8 月号ピックアップ記事 /対談
松尾芭蕉の歩いた道 境野勝悟(東洋思想家) 安田登(下掛宝生流ワキ方能楽師)
俳聖・松尾芭蕉。若き日、武士として生きることを諦めて俳諧を生業とすることを決め、その後、命懸けの漂泊の旅を通して俳諧を道として突き詰めていった芭蕉の歩みは、毎日が覚悟の連続だったといってよい。長年、禅の立場から芭蕉を探究、今年(2022)卒寿を迎えた境野勝悟氏と、能楽という視点で芭蕉の本質を追究してきた安田登氏に、芭蕉の生き方や、その求めた世界について縦横に語り合っていただいた。

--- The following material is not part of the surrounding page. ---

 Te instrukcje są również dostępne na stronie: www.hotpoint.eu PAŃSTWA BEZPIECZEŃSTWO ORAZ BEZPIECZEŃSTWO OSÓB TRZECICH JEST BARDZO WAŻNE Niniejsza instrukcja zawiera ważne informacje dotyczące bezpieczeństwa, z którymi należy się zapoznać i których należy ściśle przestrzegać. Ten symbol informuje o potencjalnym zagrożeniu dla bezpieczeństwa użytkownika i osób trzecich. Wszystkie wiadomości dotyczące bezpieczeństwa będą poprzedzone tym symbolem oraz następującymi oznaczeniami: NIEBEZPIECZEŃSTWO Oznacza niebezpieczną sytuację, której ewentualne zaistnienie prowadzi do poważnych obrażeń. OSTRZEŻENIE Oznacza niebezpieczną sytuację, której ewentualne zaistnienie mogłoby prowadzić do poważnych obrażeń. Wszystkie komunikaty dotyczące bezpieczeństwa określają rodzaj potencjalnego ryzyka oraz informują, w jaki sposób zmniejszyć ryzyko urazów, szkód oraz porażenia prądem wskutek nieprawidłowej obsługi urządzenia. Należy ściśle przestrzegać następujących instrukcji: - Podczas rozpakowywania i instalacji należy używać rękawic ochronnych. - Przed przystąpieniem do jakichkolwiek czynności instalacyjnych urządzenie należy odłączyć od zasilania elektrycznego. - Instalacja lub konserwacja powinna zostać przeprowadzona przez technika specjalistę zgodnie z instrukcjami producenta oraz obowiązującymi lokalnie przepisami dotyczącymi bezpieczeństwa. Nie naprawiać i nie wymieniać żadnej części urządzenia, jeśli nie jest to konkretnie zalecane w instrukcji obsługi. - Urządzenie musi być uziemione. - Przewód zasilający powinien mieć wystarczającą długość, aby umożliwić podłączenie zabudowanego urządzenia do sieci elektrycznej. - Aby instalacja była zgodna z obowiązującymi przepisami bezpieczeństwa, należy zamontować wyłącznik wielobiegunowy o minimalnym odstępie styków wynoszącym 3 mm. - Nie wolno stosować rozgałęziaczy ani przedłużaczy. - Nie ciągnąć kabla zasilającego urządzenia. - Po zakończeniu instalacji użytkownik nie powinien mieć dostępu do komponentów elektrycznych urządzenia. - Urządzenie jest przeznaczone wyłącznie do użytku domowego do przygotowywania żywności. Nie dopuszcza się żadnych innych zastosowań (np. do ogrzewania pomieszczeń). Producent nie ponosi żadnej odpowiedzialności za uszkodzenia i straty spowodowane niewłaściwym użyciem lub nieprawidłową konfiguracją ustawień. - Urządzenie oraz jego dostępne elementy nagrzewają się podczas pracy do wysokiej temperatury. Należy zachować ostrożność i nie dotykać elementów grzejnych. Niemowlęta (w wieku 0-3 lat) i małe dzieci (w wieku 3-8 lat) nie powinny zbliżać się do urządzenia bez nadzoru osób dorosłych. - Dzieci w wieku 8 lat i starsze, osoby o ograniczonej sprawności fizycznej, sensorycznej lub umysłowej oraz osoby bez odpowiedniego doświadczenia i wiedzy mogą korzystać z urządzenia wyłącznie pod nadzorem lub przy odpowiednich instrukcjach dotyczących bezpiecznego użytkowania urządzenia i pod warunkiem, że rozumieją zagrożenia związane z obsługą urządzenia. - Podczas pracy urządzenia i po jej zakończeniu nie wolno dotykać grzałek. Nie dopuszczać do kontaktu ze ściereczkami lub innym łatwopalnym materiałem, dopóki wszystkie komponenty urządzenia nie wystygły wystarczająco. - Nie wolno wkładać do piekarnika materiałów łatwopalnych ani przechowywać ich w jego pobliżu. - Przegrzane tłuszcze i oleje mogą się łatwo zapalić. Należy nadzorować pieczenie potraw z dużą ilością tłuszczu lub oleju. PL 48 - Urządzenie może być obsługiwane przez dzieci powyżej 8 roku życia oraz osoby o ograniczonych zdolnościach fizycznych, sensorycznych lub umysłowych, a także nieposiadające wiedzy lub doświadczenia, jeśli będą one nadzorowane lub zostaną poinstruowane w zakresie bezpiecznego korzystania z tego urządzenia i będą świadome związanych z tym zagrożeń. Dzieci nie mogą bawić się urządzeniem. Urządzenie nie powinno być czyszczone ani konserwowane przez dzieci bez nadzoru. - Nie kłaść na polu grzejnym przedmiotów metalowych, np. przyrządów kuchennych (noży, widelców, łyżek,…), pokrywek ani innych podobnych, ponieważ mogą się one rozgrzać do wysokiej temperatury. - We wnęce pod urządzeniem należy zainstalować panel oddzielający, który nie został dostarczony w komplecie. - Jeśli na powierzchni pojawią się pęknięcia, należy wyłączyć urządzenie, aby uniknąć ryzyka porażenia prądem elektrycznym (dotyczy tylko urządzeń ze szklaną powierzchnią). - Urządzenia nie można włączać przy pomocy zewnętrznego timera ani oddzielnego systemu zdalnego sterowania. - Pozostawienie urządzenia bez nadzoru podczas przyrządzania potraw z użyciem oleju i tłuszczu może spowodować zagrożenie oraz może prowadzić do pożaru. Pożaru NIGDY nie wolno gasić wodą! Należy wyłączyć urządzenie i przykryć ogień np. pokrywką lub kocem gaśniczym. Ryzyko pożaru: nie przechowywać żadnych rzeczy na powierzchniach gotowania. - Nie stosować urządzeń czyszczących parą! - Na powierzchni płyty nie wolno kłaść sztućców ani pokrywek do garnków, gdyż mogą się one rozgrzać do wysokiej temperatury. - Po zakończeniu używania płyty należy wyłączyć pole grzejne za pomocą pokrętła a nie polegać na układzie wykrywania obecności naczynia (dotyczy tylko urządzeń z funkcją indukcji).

人にとって、疎ましく、好ましくないものの中に、素晴らしさがある。芭蕉はこの考え方を自分の俳諧に生かそうと考えるんです
境野勝悟
東洋思想家
禅に「一無位(いちむい)の真人(しんにん)」という言葉があります。ひと言で言えば、よい悪い、是非、得失、そういうものを超越した人。しかも自由自在に自分を生き、人にも生きる喜びを与える人のことを、そのような言葉で呼んでいます。私は芭蕉が俳聖と言われる理由もそこにあると思うんです。
『おくのほそ道』は能を知っている前提で書かれてあるんです。能を知っていると読み方がより広く深くなるのです
安田登
下掛宝生流ワキ方能楽師
芭蕉は主君の藤堂良忠を失った後、立身出世を諦め「四民の方外」、つまり士農工商という四民という枠の外で生きていくことを決めるんです。しかし、社会の枠組みからは外れながらも最後には俳聖と呼ばれるほどの存在として歴史に名を留める人物になります。
プロフィール
境野勝悟
さかいの・かつのり――昭和7年神奈川県生まれ。早稲田大学教育学部卒業後、私立栄光学園で18年間教鞭を執る。48年退職。こころの塾「道塾」開設。駒澤大学大学院禅学特殊研究博士課程修了。著書に『日本のこころの教育』『源氏物語』(共に致知出版社)『芭蕉のことば100選』『超訳法華経』(共に三笠書房)など多数。
安田登
やすだ・のぼる――昭和31年千葉県生まれ。高校教師時代に能楽と出合い、ワキ方の重鎮鏑木岑男師の謡に衝撃を受け27歳で入門。現在は、ワキ方の能楽師として国内外を問わず活躍し、能のメソッドを使った作品の創作、演出、出演などを行う。『身体感覚で「論語」を読みなおす。』(新潮文庫)『NHK100分de名著 平家物語』(NHK出版)『野の古典』(紀伊國屋書店)など著書多数。最新刊に『魔法のほね』(亜紀書房)。
編集後記
「昨日の発句は今日の辞世。今日の発句は明日の辞世」。その言葉の如く、俳聖・松尾芭蕉はいまこの瞬間を精いっぱいに生き、数多くの名句を詠みました。境野勝悟さんと安田登さんの対談は、禅と能楽の視点で芭蕉を論じ掘り下げており、他にない独特の趣があります。芭蕉の歩いた道を辿ることで、人生いかに生くべきかを考えさせられます。